In recent years, with the progress of society, the living standard of people is improved, and the pollution of water resources is increasingly serious. In order to reduce the pollution of water resources, people pay more and more attention to sewage treatment. In order to better improve the water quality, large-particle solid impurities are separated, and a coagulant is added to treat tiny suspended matters and colloids in raw water; and with the continuous improvement of treatment standards, the requirement for removing SS in sewage is higher and higher. At present, the existing coagulating sedimentation tank has the problems of large occupied area and low treatment efficiency due to the fact that the structure is too simple.

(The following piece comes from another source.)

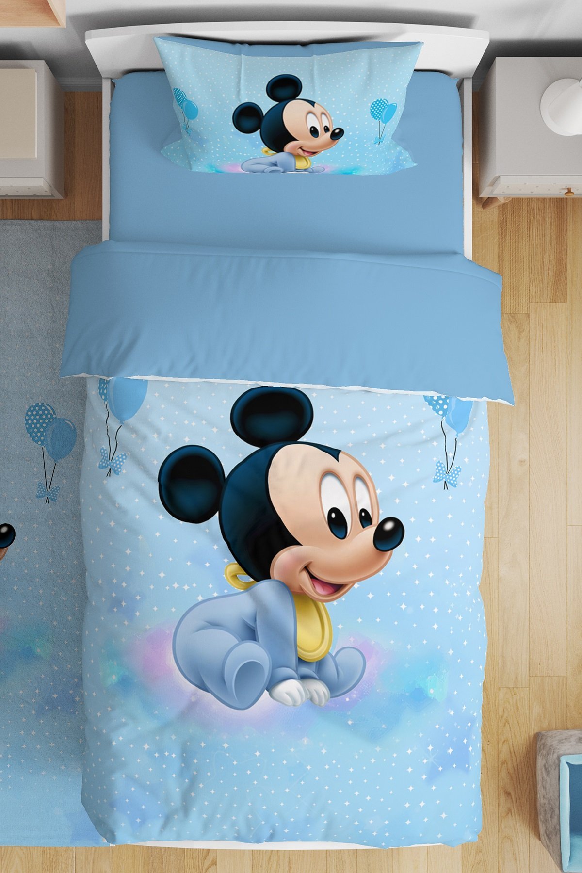 Mavi Mickey Desenli Tek Kişilik Bebek Çocuk Nevresim Takımı
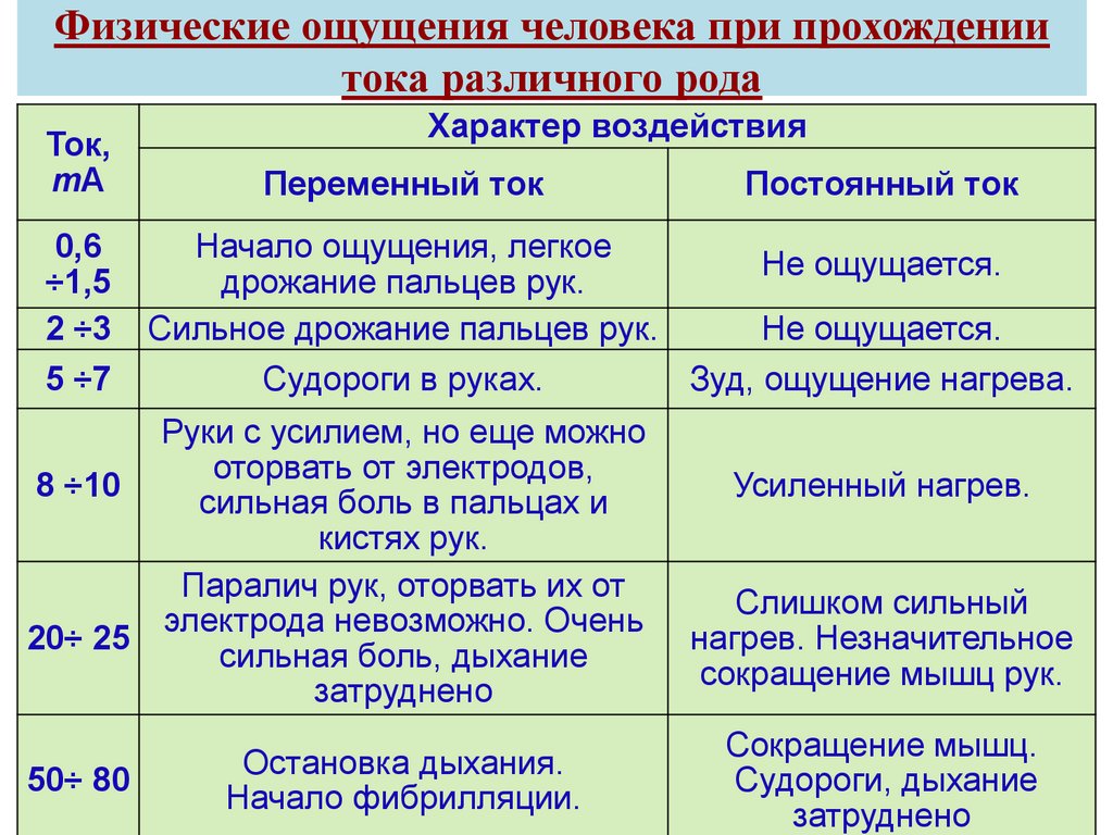 Физические ощущения человека при прохождениитока различного рода

SUMMERY OF THE UTILITY MODEL

For solving the above-mentioned defect among the prior art, the utility model discloses a coagulating sedimentation device is provided.

The technical scheme of the utility model as follows:

a coagulating sedimentation device, which comprises a reaction zone and a sedimentation zone; the reaction zone consists of a plurality of water tanks, wherein one water tank is a coagulation reaction zone, the rest water tanks are flocculation reaction zones, and the coagulation reaction zone, the flocculation reaction zones and the sedimentation zones are communicated through water holes; a water inlet, a coagulant adding metering pump and a first stirrer are arranged in a water tank of the coagulation reaction zone; a flocculating agent feeding metering pump and a second stirrer are arranged in a water tank of the flocculation reaction zone, a sludge hopper is arranged below the sedimentation zone, an inclined tube zone is fixedly arranged above the sedimentation zone, and an overflow weir is arranged at the top of the inclined tube zone; the pipe chute is under being close to the vertical fixed baffle that sets up in one side in water hole, the baffle upper end extends to the sedimentation zone upper surface, and the lower extreme extends to the pipe chute under control surface. Sewage is followed the water inlet is intake, the coagulant is thrown the dosing pump to throw the coagulant in the coagulation reaction district, the flocculant is thrown the dosing pump to throw the flocculating agent in the flocculation reaction district, the mixer is used for stirring, mixes, and the sewage passes through the water hole realization baffling in coagulation reaction district, the flocculation reaction district and finally gets into the settling zone gets into the sewage warp of settling zone the baffle dams, follows the baffle below gets into the pipe chute district, and mud sinks to discharge through the mud pipe behind the sludge bucket, and sewage after the purification is followed overflow weir discharges.

Preferably, the first stirrer is a fast stirrer, and the second stirrer is a slow stirrer. The rotating speed of the first stirrer is greater than that of the second stirrer, and the stirrer in the coagulation reaction zone rapidly stirs to realize rapid and uniform mixing of a coagulant and sewage; after the reaction is completed in the coagulation reaction zone, sewage forms fine alum floc, but the sewage does not reach the natural precipitation granularity, and after the flocculating agent is added, the water conservancy condition for ensuring that particles obtain proper collision contact and are not broken is required, so that a slow stirrer is arranged to complete the flocculation reaction.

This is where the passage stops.